Puji bercerita, sudah sejak lama masyarakat NTT mengonsumsi kelor, karena di sana memang banyak sekali terdapat pohon kelor. Menariknya, kelor dimanfaatkan untuk memperbaiki kondisi gizi buruk pada anak, salah satunya stunting yang angkanya cukup tinggi di Flores Timur.

Suatu hari, sebuah puskesmas berinovasi dengan memberi makanan tambahan berupa sorgum serta kelor dan sayuran lain kepada anak-anak dengan gizi buruk. Program berdurasi 3 bulan tersebut berhasil meningkatkan berat badan anak hingga mereka tidak lagi masuk kategori gizi buruk.

“Program itu kemudian diuji coba di beberapa puskesmas lain, hingga kemudian dibuatlah kampanye solor, yaitu sorgum kelor. Ini merupakan bukti nyata bahwa ternyata pangan lokal mampu mengatasi stunting dan gizi buruk,” kata Puji.
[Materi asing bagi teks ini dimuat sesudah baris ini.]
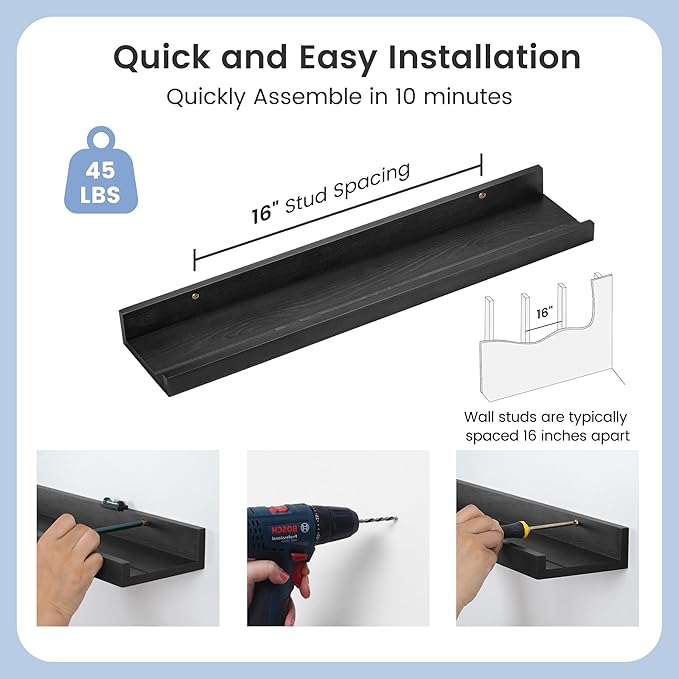 • Easy to Install: You will get a level, screws for the wall, drywall anchors, a detailed installation guide, and two beautiful hand-crafted solid pine wood shelves. With the level, you can make sure your picture ledge shelves are well aligned. Just follow the simple instruction to install the hanging shelves for wall decor within 10 minutes. We add additional screw and anchor to the hardware bag just in case. If you have any questions about our products, please feel free to contact us

Baca Juga: Keren! Pesta Rakyat di Stockholm Sajikan Kesenian Hingga Kuliner Asli Indonesia

Ade sendiri cukup sering mengonsumsi daun kelor. Katanya, “Ibuku dulu sering memasak bobor daun kelor. Daunnya sendiri nyaris tak punya cita rasa tertentu. Dia akan mengikuti rasa yang kita ciptakan. Dibuat tumis sebetulnya bisa, walaupun tidak lazim. Yang paling sering adalah dibuat sayur bening. Dijadikan salah satu bahan urap dan pecel juga memungkinkan.”